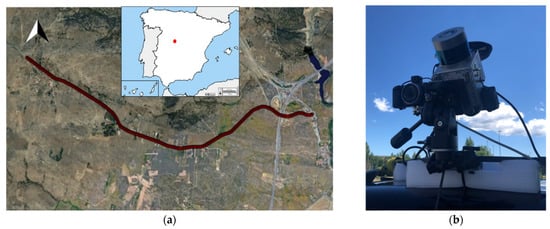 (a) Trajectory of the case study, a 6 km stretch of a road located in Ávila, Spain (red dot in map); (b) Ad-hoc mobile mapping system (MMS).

◇ ◇ ◇ ◇

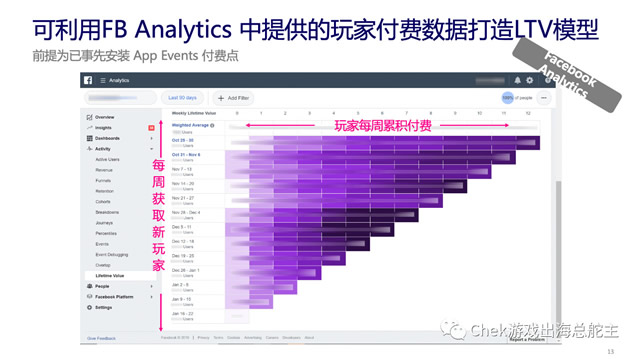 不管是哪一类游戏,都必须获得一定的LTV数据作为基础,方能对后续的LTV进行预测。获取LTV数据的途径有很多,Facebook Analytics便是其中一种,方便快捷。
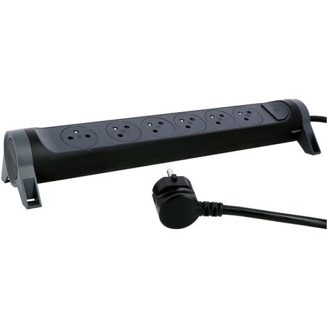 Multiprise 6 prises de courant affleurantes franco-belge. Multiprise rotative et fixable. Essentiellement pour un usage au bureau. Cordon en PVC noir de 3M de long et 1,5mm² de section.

◇ ◇ ◇ ◇

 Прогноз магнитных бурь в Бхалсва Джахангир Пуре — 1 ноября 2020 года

◇ ◇ ◇ ◇

WORK REQUEST:
From the records above, extract the lines from the one holding "不管是哪一类游戏,都必须获得" through the one holding "Multiprise 6 prises", word for word; omit the pictures.

SOLUTION TO THE EXERCISE:
 不管是哪一类游戏,都必须获得一定的LTV数据作为基础,方能对后续的LTV进行预测。获取LTV数据的途径有很多,Facebook Analytics便是其中一种,方便快捷。
 Multiprise 6 prises de courant affleurantes franco-belge. Multiprise rotative et fixable. Essentiellement pour un usage au bureau. Cordon en PVC noir de 3M de long et 1,5mm² de section.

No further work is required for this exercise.